Alastair Malcolm writes:
> I don't understand this last sentence - why couldn't he use the 'Lewisian
> defence' if he wanted - it is the Anthropic Principle (or just logic) that
> necessitates SAS's (in a many worlds context): our existence in a world that
> is suitable for us is independent of the uncountability or otherwise of the
> sets of suitable and unsuitable worlds, it seems to me. (Granted he does use
> the 'm' word in talking about level 4 (and other level) universes, but I am
> asking why he needs it to provide 'anthropic content'.)

I think the problem is that we can exist even in worlds that are not
particularly suitable, certainly worlds that are not as simple and
regular as our own.  Imagine a world in which a human being just pops
into existence but all around him is chaos.  There would be many more
such worlds than worlds where the human evolved in a sensible way.

Likewise we can't derive Occam's Razor or even the reasonableness of
induction (that the future will be like the past) without some kind of
measure that favors simple universes.  We could imagine a world in which
rabbits suddenly start to fly; or one in which horses suddenly start
to fly; or one in which trees suddenly start to fly; etc.  There are
apparently many more such worlds than ones which go on as they always
have.  So again without a measure that somehow favors the predictable
ones, we can't explain why induction continues to work.

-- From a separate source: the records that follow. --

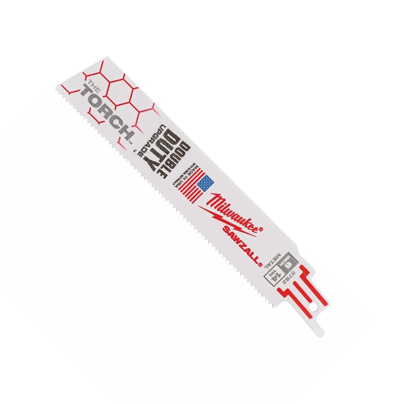 The Milwaukee 'TORCH' range of reciprocation saw blades are a range of heavy-duty demolition blades for use on metal. They feature a strong, 1.06mm thick body and a bi-metal blade that is designed to flex during use to reduce the chance of shattering. The blades are 25mm high - much higher than a wood blade - and this is providing extra stability when sawing through tough metals.
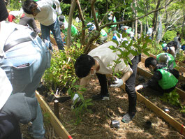 各班の植樹リーダーに植え方の指導をいただきながら、
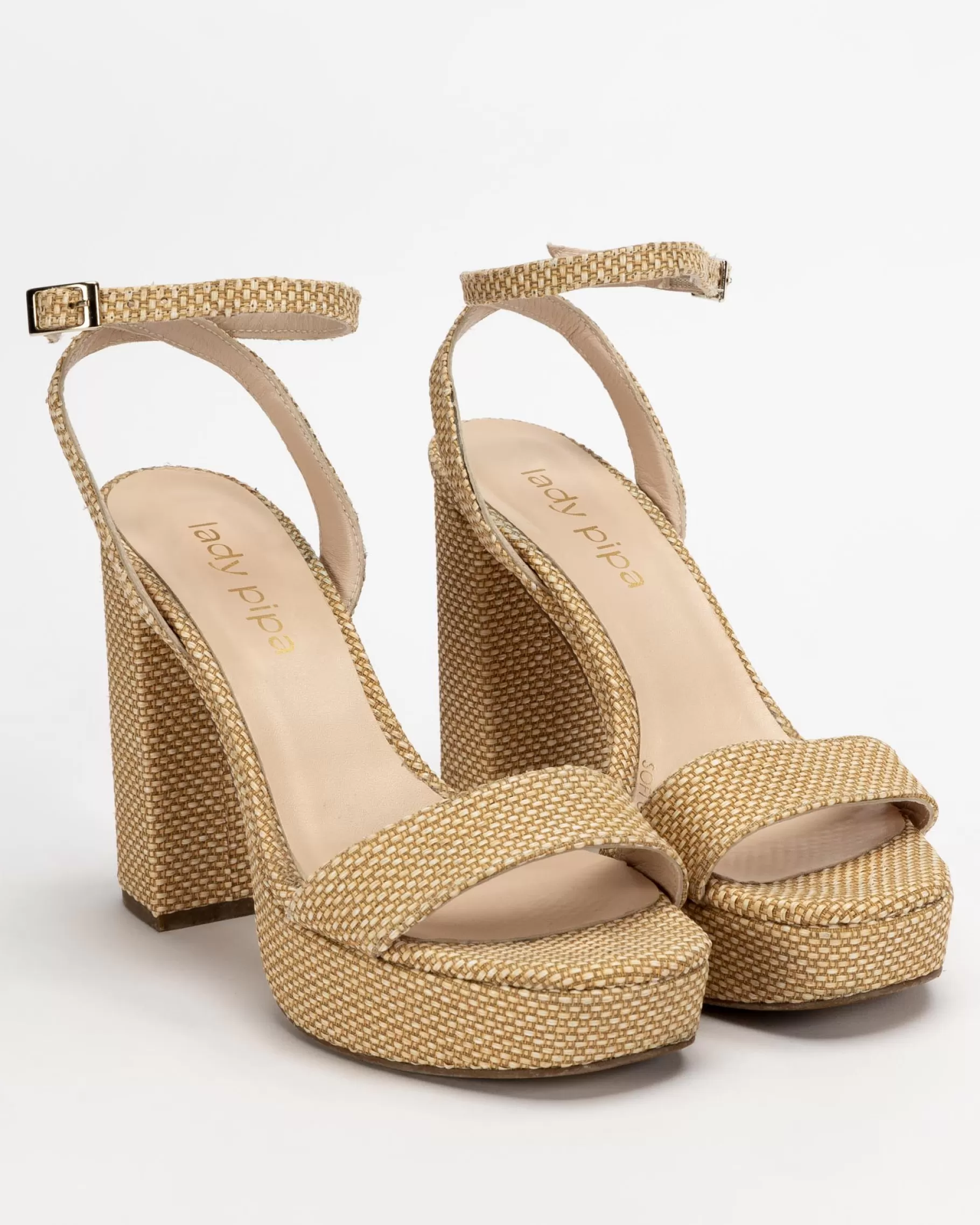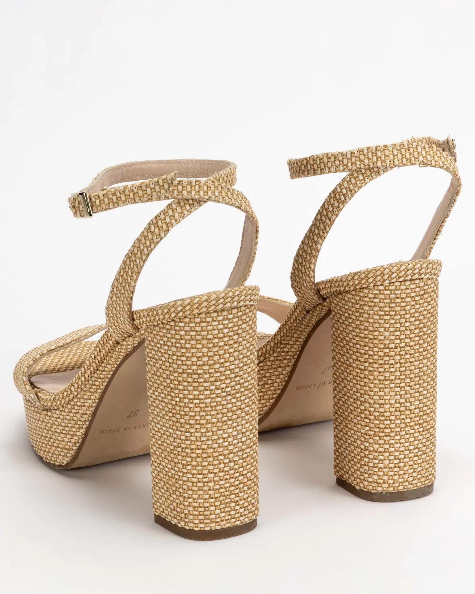 Sandalia de tacón ancho con plataforma. Cierre de pulsera con hebilla en el tobillo. Tiene la planta muy acolchada para mayor confort.
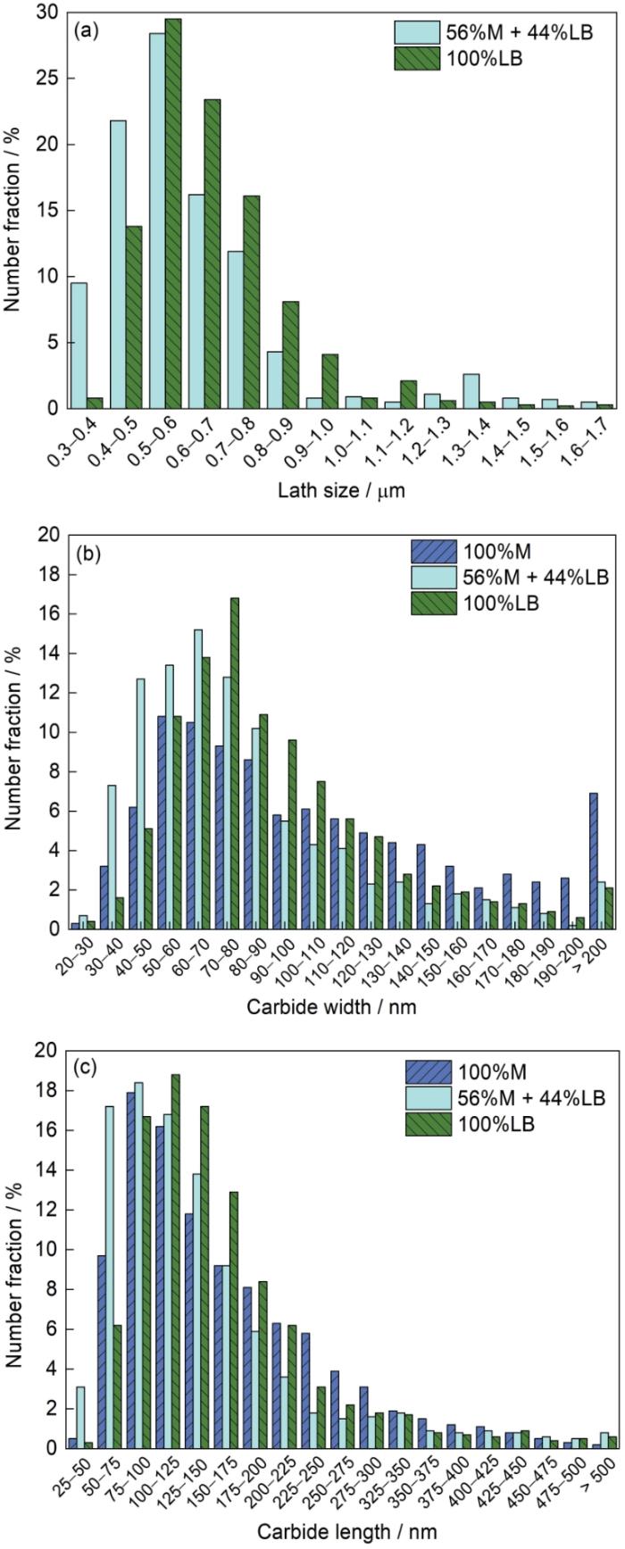Lath size distribution for the 100% LB and LB/M (56%M + 44%LB) samples (a), and the carbide width (b) and length (c) distributions for the 100%M, LB/M (56%M + 44%LB), and 100%LB samples after tempering at 600 oC for 100 h
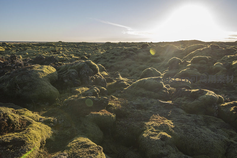 苔藓覆盖的火山岩在夕阳下熠熠生辉
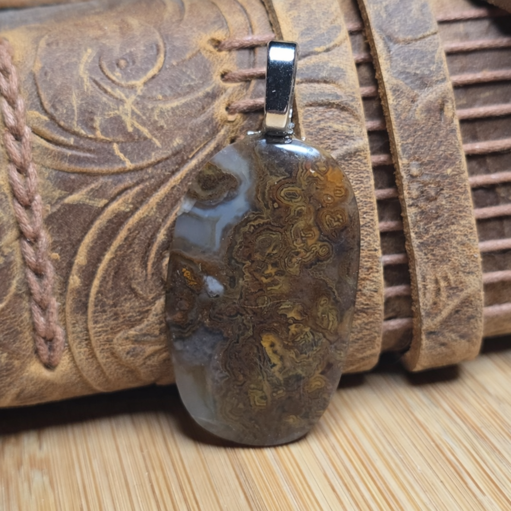 Likely Oregon moss agate, this piece shows classic microbialite-driven patterning rather than banding, formed as silica moved through iron- and organic-rich zones over time. Polished to a smooth face and finished with a simple silver tone bail so nothing competes with the stone itself. Only one available.
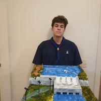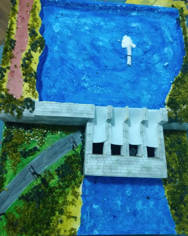 é uma maquete de uma hidrelétrica, mostrando que podemos ter acesso a energias renováveis. A maquete demonstra um pouco sobre como as hidrelétricas funcionam.
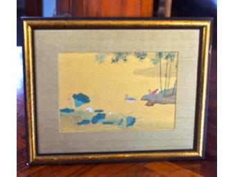 Golden silk painted with ducks, bamboos, and water lilies. The donor enjoyed this as an evocation of peace in her office for many decades, and now entrusts it to you. 12.5" x 15.5"
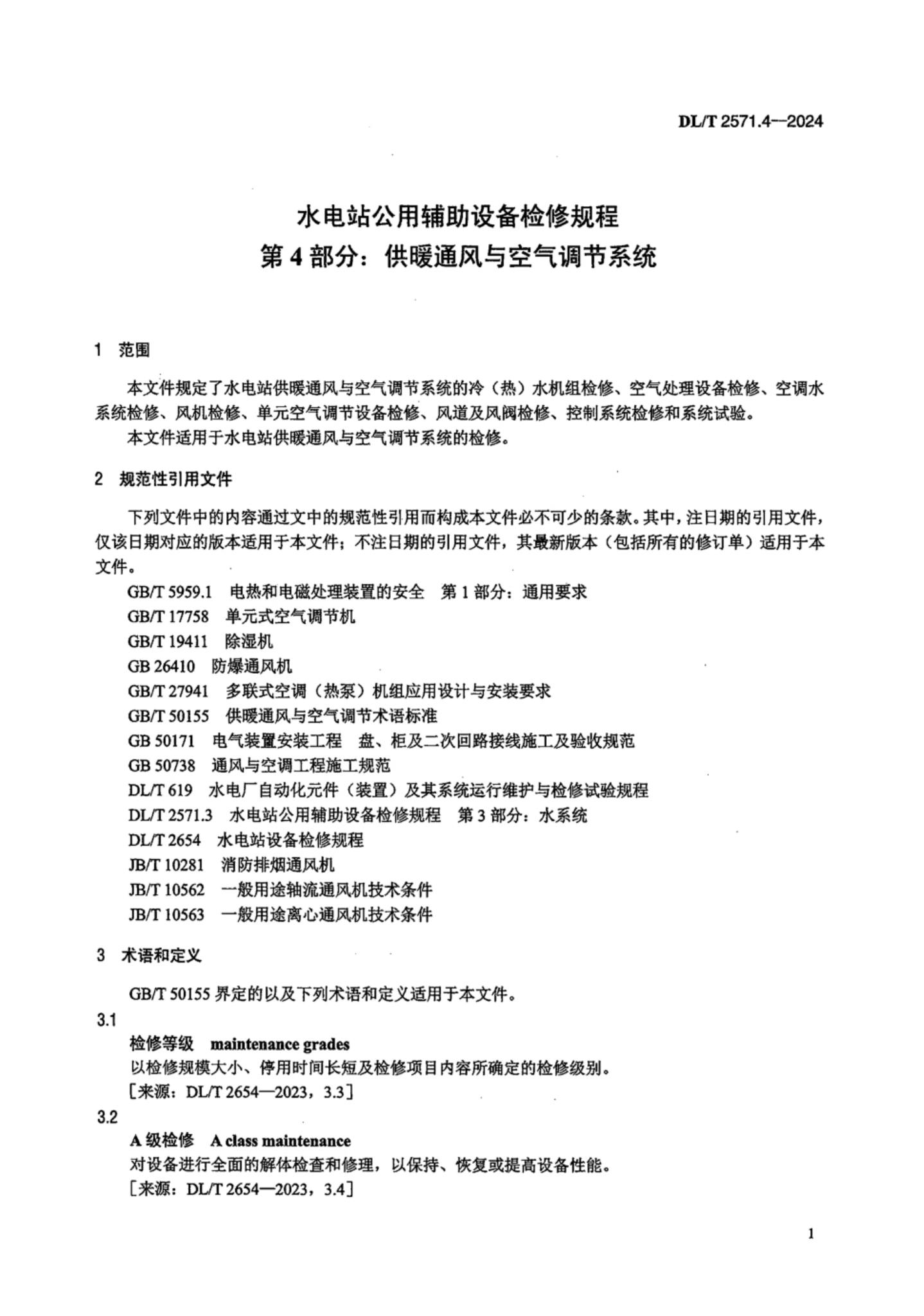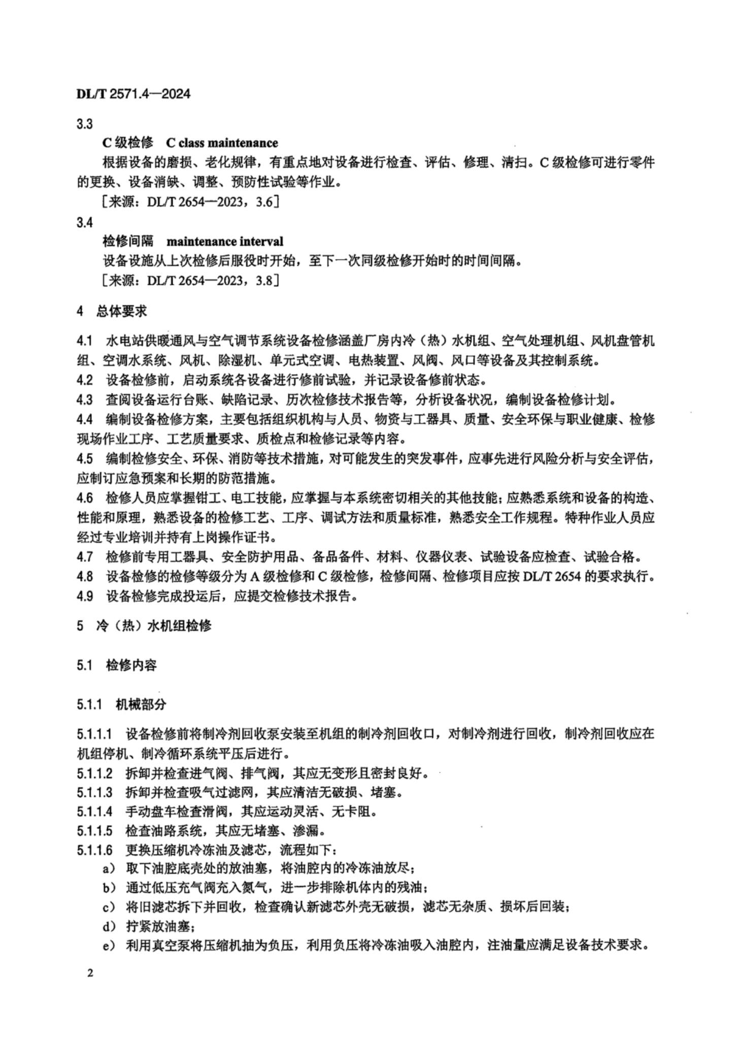 DL/T 2571.4-2024 水电站公用辅助设备检修规程 第4部分:供暖通风与空气调节系统

> There are hints that it may be worth exploring fundamentally different
> approaches to the White Rabbit problem when we consider that for Cantor the
> set of all integers is the same 'size' as that of all the evens (not too
> good on its own for deciding whether a randomly selected integer is likely
> to come out odd or even); similarly for comparing the set of all reals
> between 0 and 1000, and between 0 and 1. The standard response to this is
> that one *cannot* select a real (or integer) in such circumstances - but in
> the case of many worlds we *do* have a selection (the one we are in now), so
> maybe there is more to be said than that of applying the Cantor approach to
> real worlds, and also on random selection.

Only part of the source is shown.